# MES40 20072918 ended up getting a 20072618



## sm0kin (Feb 7, 2018)

I am looking at replacing both of my MES30's and picking up one of the 20072918 MES40's. is anyone familiar with this model number? I searched the forum but got 0 results. My 30's are the 20070910 gen 1 which makes me thing this is also a Gen 1 40 (all black no window). Any help appreciated.


----------



## dr k (Feb 7, 2018)

It's the Gen 1 hybrid with the Gen 2.5 two tiered water pan and chip housing assembly in black without a window.


----------



## sm0kin (Feb 7, 2018)

Thanks for the ID, any reason why I shouldn't buy it? any known issues?

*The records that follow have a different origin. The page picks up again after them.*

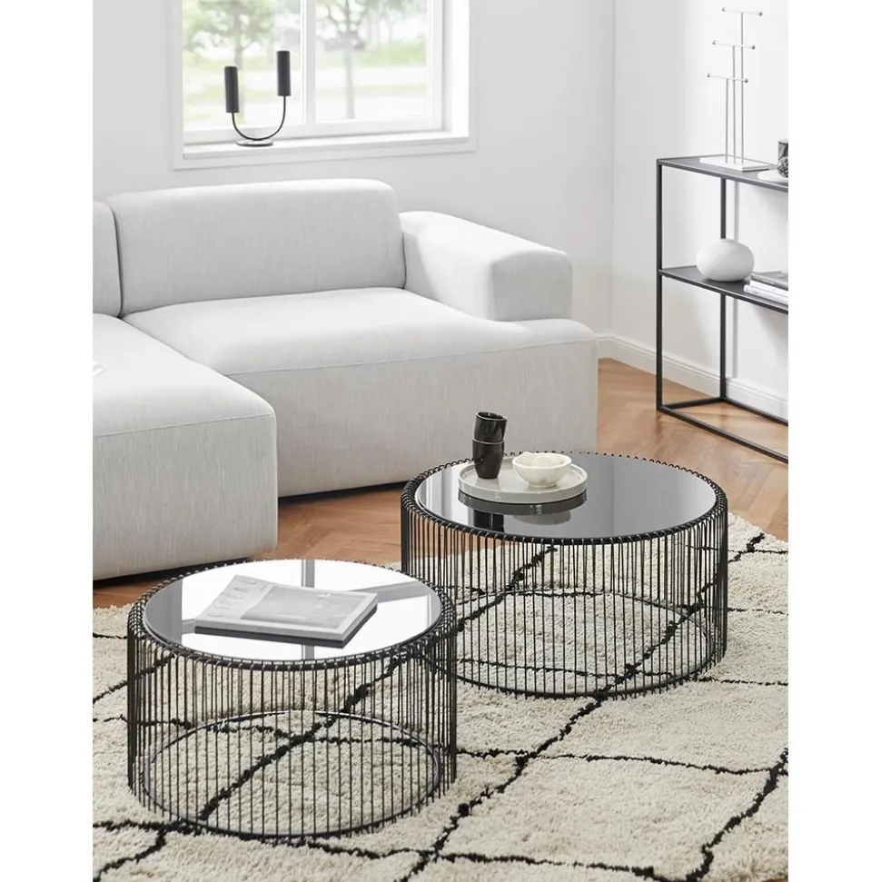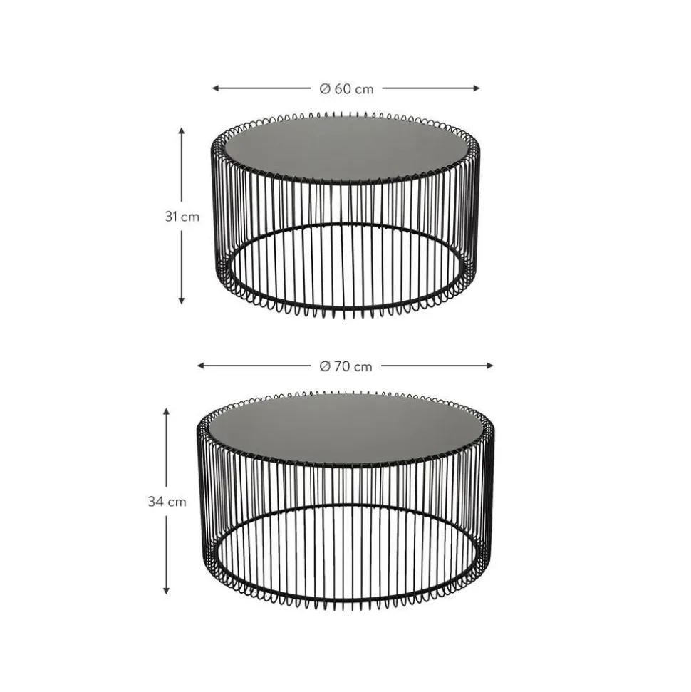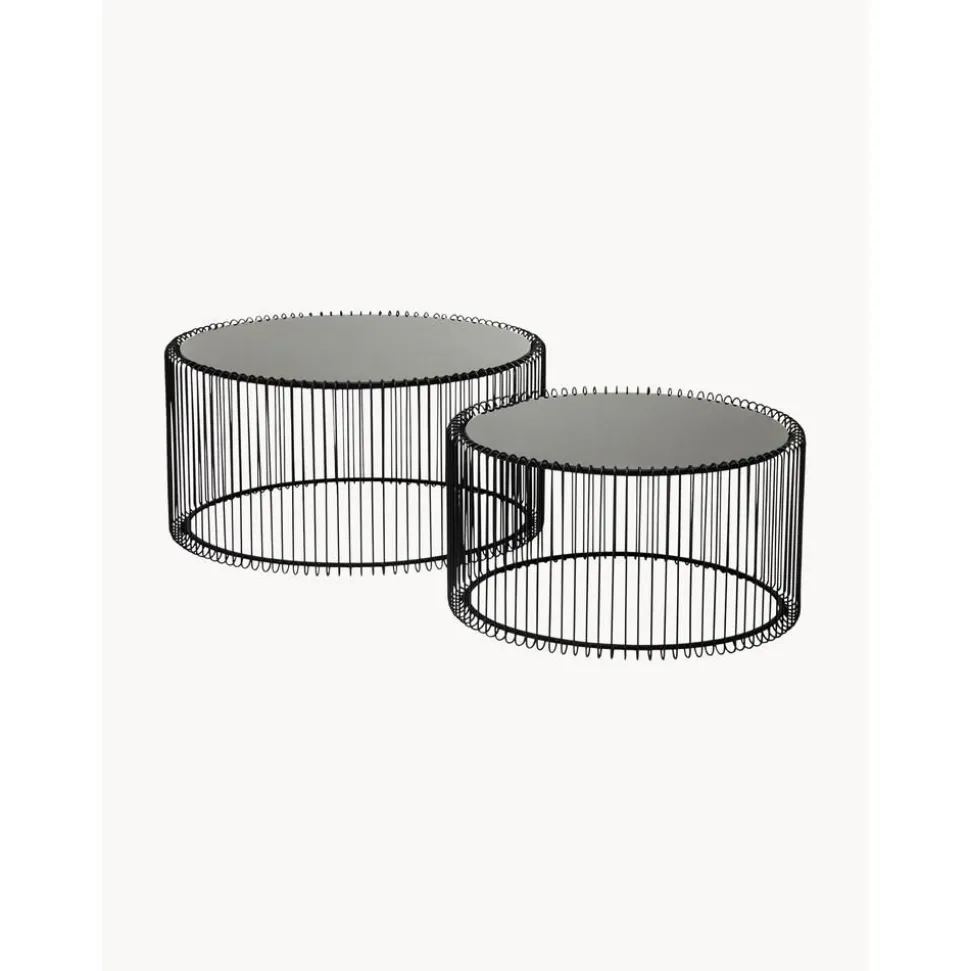 Set 2 Tavolini Da Salotto Con Piano In Vetro Wire
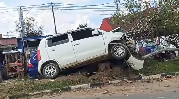 Sebuah mobil Suzuki Karimun bernomor polisi DT 1720 AD dilaporkan menabrak tiang lampu jalan di lokasi kejadian.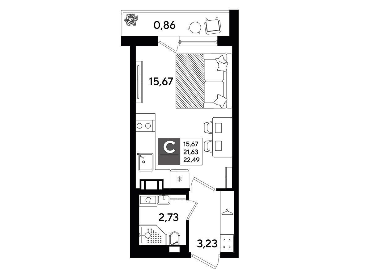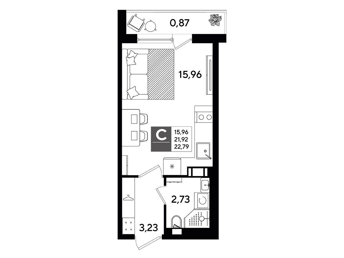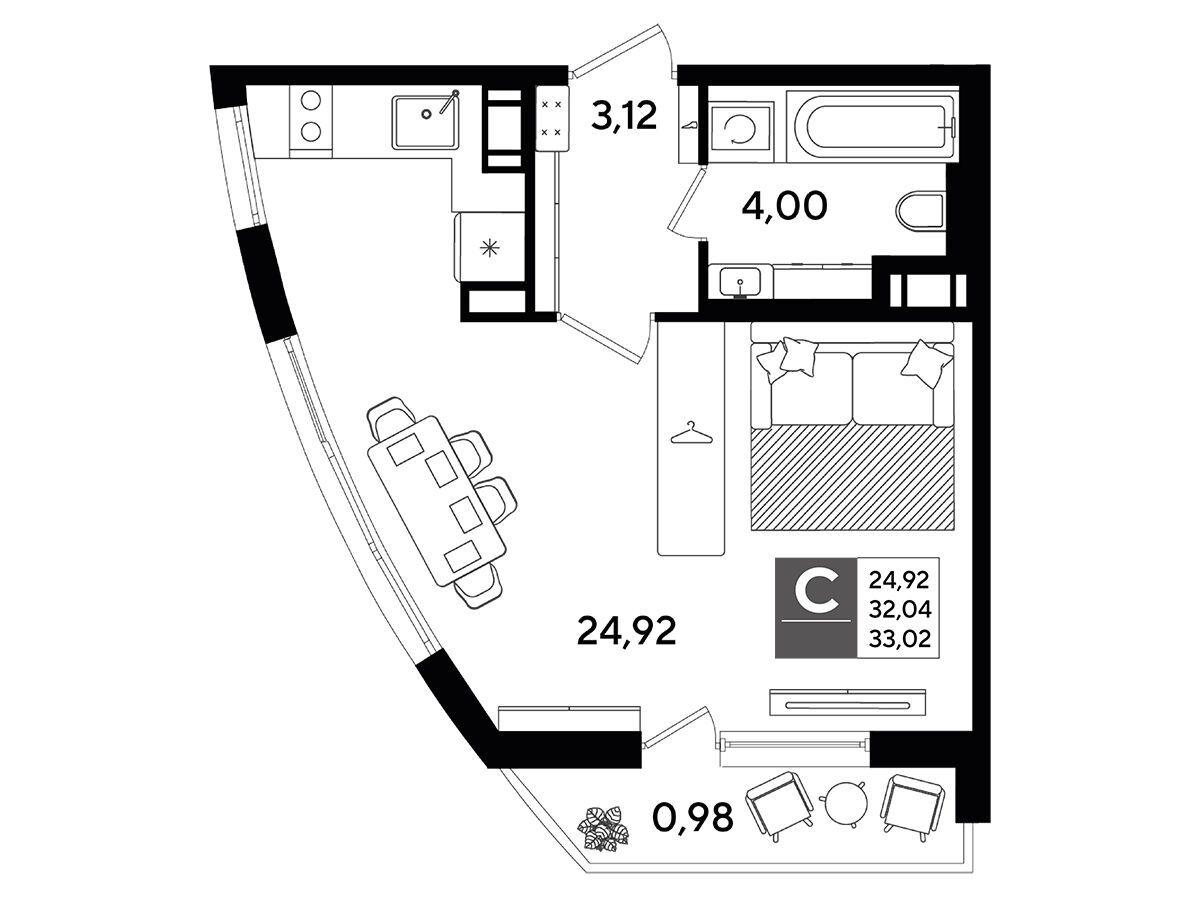 Студия, 28.03 м²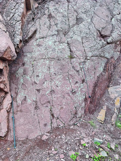 西藏昌都位于青藏高原東部,據(jù)介紹,此研究區(qū)的侏羅紀(jì)地層最大厚度超過4800米,巨大的沉積厚度促進了大量化石的發(fā)現(xiàn),其中就包括恐龍足跡化石。2023年7月,中國地質(zhì)調(diào)查局自然資源實物地質(zhì)資料中心項目組于昌都開展工作時,在凍多村一段鄉(xiāng)村道路兩側(cè)的石壁上發(fā)現(xiàn)了疑似爬行動物腳印,隨即與遺跡學(xué)專家合作組成考察隊開展研究。該足跡化石點頂部為灰?guī)r,由紫紅色砂巖間夾頁巖、黏土巖組成,含有植物化石、遺跡化石和少許腕足、介形類和海百合莖等化石,總體屬于海陸交互環(huán)境??疾礻犜诳铸堊阚E所在層面與相鄰層面還發(fā)現(xiàn)了如古藻跡、石針跡等遺跡,這些發(fā)現(xiàn)代表這個地方曾是淺水環(huán)境。因此,研究證明,良好的環(huán)境和豐沛的水資源吸引了恐龍等動物在此活動,并留下豐富的足跡化石。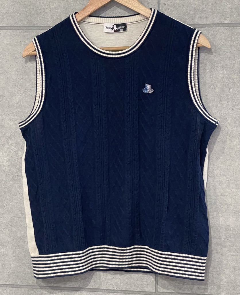 > 超キュート! Black&White ブラックアンドホワイト ウール ニットベスト ロゴラインストーン ネイビー アイボリー 3サイズ ○ 新規×

I found a dented one at academy for $200


----------



## dr k (Feb 7, 2018)

sm0kin said:


> Thanks for the ID, any reason why I shouldn't buy it? any known issues? I found a dented one at academy for $200


If the dent isn't out of hand I'd get it.  I'm liking the window in mine so since you haven't had one in your other two 30's then this is right up your alley.


----------



## sm0kin (Feb 13, 2018)

Original dented model was crushed on one side, not worth the price. I ended up getting the 20072618 which is the same, but has a stainless door w/window, temp probe and RF control. I bought from Walmart, and here is why. I have bought 3 mes30's from them, but only actually paid for 1 and a portion of the new one. Walmart sells an Asurion warranty on the mes30 for $19/3 years (also covers normal wear and tear damage). I bought the first one 5 years ago in May. I had an element failure, they ended up refunding my money and I ordered a second one and repaired the first (wire was corroded). You can see where this goes. That one had a failure of the control panel... got a refund.  I had the most recent replacement fry due to a power surge. They refunded my money. I ordered the new MES40  https://masterbuilt.com/product/mb20072618-digital-electric-smoker and paid with my egift card they sent, leaving me with $120.00 out of pocket for the smoker with yes, another 3 year warranty. Although I am not a big fan of Walmart, it is what it is. here's a link to the warranty they offer https://wmt.protection-plans.com/content/wmt/en/LawnGardenTools/Index#/real-protection New smoker arrives Friday :)


----------



## sm0kin (Mar 22, 2018)

New smoker is up and running well, temp swings are manageable. Modified my blower mod to fit the new unit and it works like a champ. I have decided to use it for awhile before rewiring and adding a PID.


----------



## chopsaw (Mar 22, 2018)

Congrates on the new smoker . I've looked at your mod before , but just now saw that you have a Thermal take fan on it . Those things sound like a jet engine ,,, LOL . I taught myself to build PC's years ago and got into over clocking , high performance . Have a few of the copper sinks , Thermal Take fans . Those things move some air .


----------



## sm0kin (Mar 22, 2018)

They do move some air, and cheap! I have only run them at full speed a couple times when the Midwest humidity was out of control. That was the only way to get the pellets burning hot enough to stay lit! Generally it runs near the lowest speed and just gives the “push” I need.


----------



## sm0kin (Mar 24, 2018)

So I am smoking a 10lb bone in pork butt in the new MES40 today. My initial observations of the temp control are way better than I had anticipated. I have it set at 225, my TP08 shows 230-235. Although it is off as a baseline, 5 degree swings are nothing! Box is currently empty, I’ll check it again after the butt is in.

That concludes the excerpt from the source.